- What is expected -
After locating the line with "inches, Weight-19 tons.", repeat it and every following line to the end of the listing, exactly. Omit the pictures.

- Dataset content -
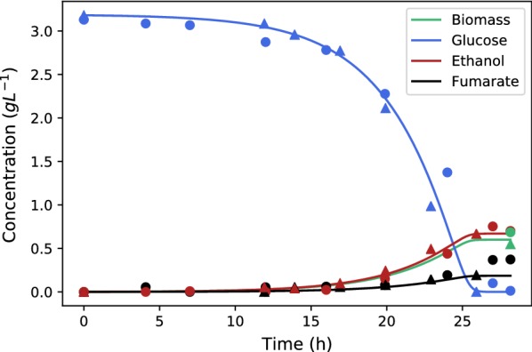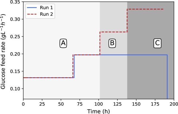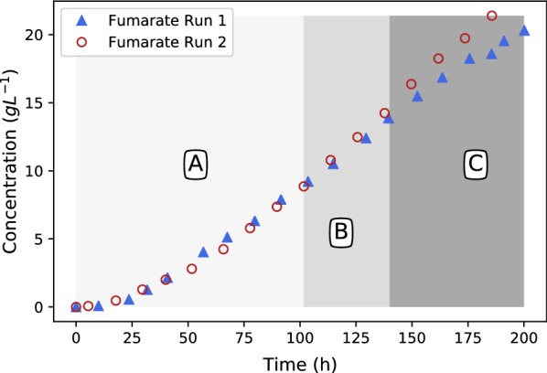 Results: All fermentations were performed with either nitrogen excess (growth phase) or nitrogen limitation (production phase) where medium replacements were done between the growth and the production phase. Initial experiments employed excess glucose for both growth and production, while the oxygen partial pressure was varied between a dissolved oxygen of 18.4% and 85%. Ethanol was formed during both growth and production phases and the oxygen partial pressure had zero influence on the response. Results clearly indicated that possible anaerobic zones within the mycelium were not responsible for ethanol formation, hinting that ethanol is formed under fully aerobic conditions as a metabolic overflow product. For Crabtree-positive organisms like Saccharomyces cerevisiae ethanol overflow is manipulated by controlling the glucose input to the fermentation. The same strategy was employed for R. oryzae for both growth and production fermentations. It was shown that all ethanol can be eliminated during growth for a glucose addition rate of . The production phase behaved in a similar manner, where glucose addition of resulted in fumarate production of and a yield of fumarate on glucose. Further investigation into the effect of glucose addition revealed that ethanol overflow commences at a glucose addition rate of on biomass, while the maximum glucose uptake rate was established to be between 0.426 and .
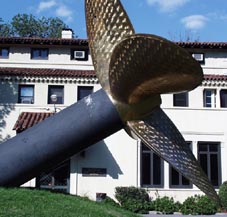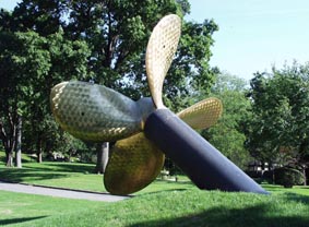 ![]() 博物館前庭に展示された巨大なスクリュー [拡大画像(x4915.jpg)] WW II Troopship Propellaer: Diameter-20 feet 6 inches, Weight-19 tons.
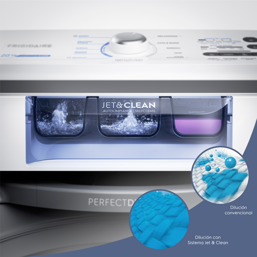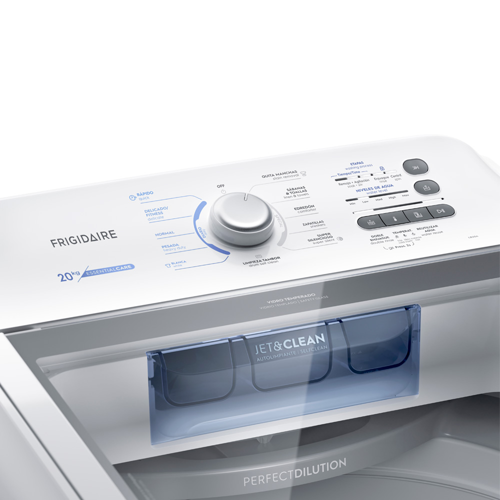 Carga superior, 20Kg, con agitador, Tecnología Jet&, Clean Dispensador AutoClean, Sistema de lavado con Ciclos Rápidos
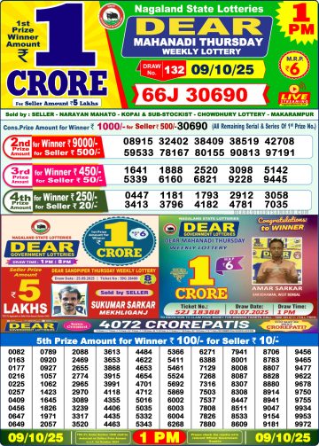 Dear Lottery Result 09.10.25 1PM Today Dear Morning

- Result for this task -
 ![]() 博物館前庭に展示された巨大なスクリュー [拡大画像(x4915.jpg)] WW II Troopship Propellaer: Diameter-20 feet 6 inches, Weight-19 tons.
 Carga superior, 20Kg, con agitador, Tecnología Jet&, Clean Dispensador AutoClean, Sistema de lavado con Ciclos Rápidos
 Dear Lottery Result 09.10.25 1PM Today Dear Morning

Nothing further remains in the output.